13 Aralık 2013 Cuma

UYGARLIĞA ADINI VEREN HALK: UYGURLAR


Sinciang Uygur Özerk Bölgesi Türklerin tarihi ana yurdu, beşiğidir. Bu tarih hakkında da ne yazık ki az şey biliyoruz. Öte yandan ABD’nin bütün dünyada uyguladığı “böl-yönet” politikası uyarınca Çin’in Sinciang Uygur Bölgesi de, bölücülüğün emperyalizm ve yerel gericilikle ittifakından dolayı acı çekiyor.

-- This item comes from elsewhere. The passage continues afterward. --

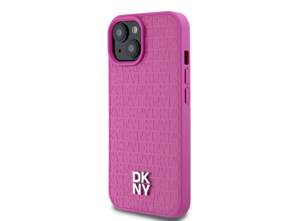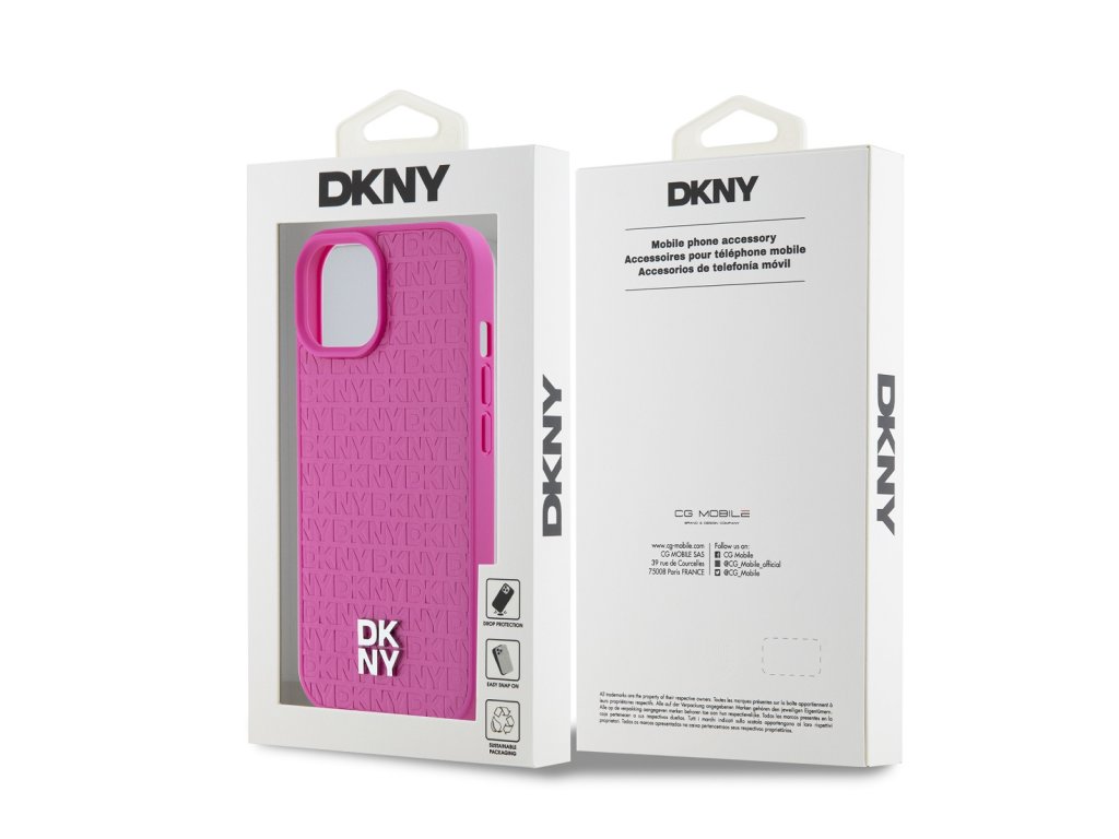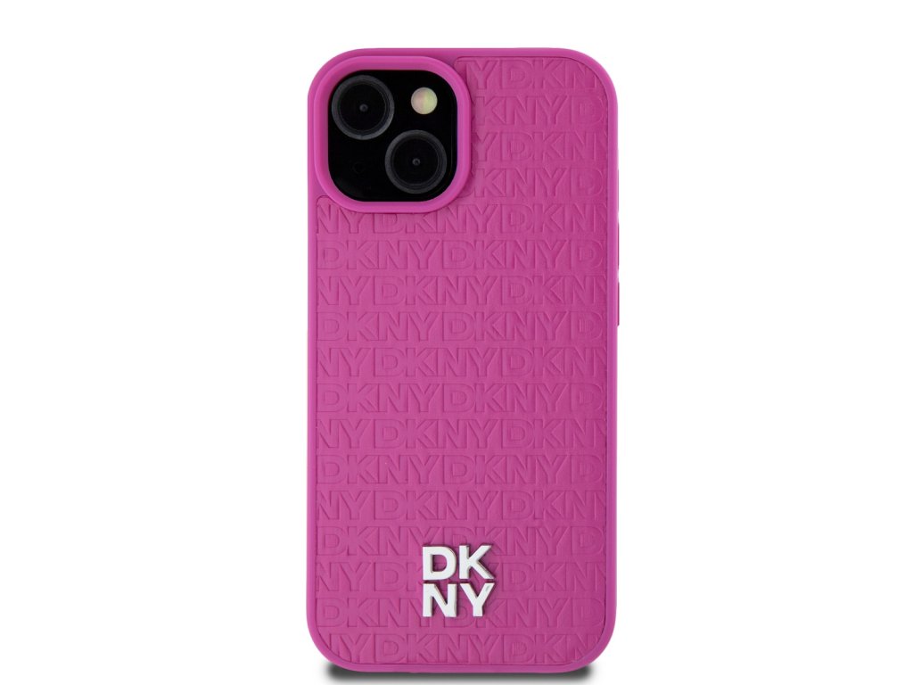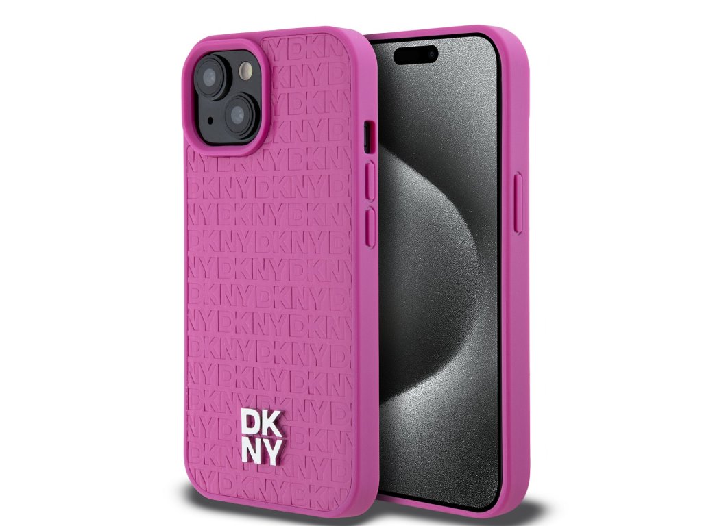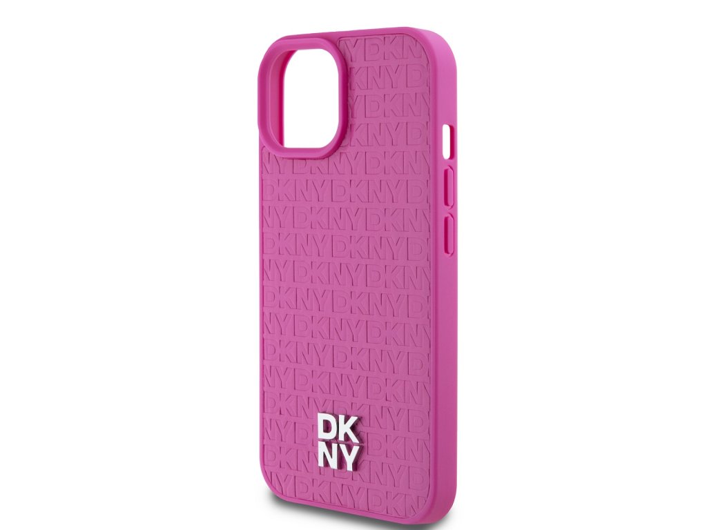 DKNY PU Leather Repeat Pattern Stack Logo Magsafe Zadní Kryt pro iPhone 15 Pink

Türkiye’de bir bölüm milliyetçiler kendi ülkemizin bölünmesine karşı feryat ederken Çin Halk Cumhuriyeti’nin ABD çıkarları uğruna bölünmesine destek olduklarında ne denli ilkesiz, gerici ve işbirlikçi konumuna düştüklerini de göremiyorlar. Sinciang Uygur Tarihi, yalnız tarihi geçmişi aydınlatmakla kalmayıp bugüne de ışık tutan, mutlaka okunması gerekli çok önemli bir bilimsel çalışma.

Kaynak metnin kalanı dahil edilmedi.